That PtoP entry disappears when defining ASYNC in the MWE.

@maleadt
Copy link

maleadt commented Feb 8, 2022

Proper fix in JuliaGPU/CUDA.jl#1357.

EDIT: removed numbers that didn't make sense.

@carstenbauer
Copy link
Author

Well, the numbers are higher, so that's great 😄 Unfortunately, they don't seem to make any sense. I'll profile this later to, hopefully, understand what's going on.

BTW, this is what I get on our DGX with JuliaGPU/CUDA.jl#1357 checked out:

julia> bench_p2p_copyto!(; src=0, dst=1, nbench=100, alternate=false, kernel=copyto!)
Memsize: 38.1M

Bandwidth (GB/s):
├ max: 9094.95
├ min: 3307.25
├ avg: 6478.52
└ std_dev: 847.61

@maleadt
Copy link

maleadt commented Feb 8, 2022

Well, the numbers are higher, so that's great smile Unfortunately, they don't seem to make any sense.

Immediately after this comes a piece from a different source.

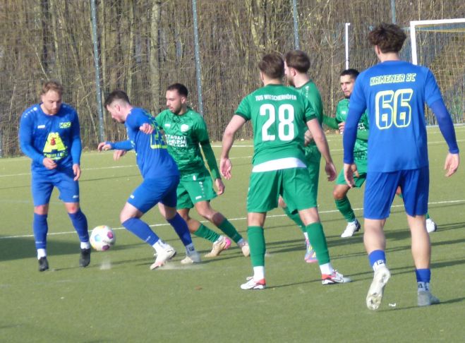 Ein Dreier für die Gastgeber zeichnete sich in dem ausgeglichenen Spiel zunächst nicht ab. Es war eine intensive Partie mit vielen Zweikämpfen zumeist im Mittelfeld und ohne Torgefahr. Das 1:0 resultierte dann in der 75. Minute nach einem „zweiten Ball“ durch Serhad Gün. Im ersten Anlauf scheitert er am Wiescherhöfener Schlussmann, erobert sich den Ball zurück, passt auf den zuvor eingewechselten Can und der trifft zur Führung. Es kam noch besser: Justin Braun legt sich in der 87. Minute den Ball rund 20 Meter vor dem gegnerischen Tor zum Freistoß zurecht und wuchtet ihn sehenswert in die Wiescherhöfener Maschen. Die Entscheidung.

Maybe not, but I confirmed that the resulting bandwidth in NSight is as expected: around 80GB/s, the same as I measured with the CUDA C benchmark. (I just focused on replicating the behavior of the C example on this given system.)

@oschulz
Copy link

oschulz commented Feb 8, 2022

Yay!

@lukas-mazur
Copy link

lukas-mazur commented Feb 8, 2022

Maybe not, but I confirmed that the resulting bandwidth in NSight is as expected: around 80GB/s.

I would expect the bandwidth in NSight to be similar to the one which @carstenbauer code is printing out. Could it be that there is something wrong with the synchronization call in CUDA.jl @maleadt ?

@maleadt
Copy link

maleadt commented Feb 8, 2022

Could it be that there is something wrong with the synchronization call in CUDA.jl @maleadt ?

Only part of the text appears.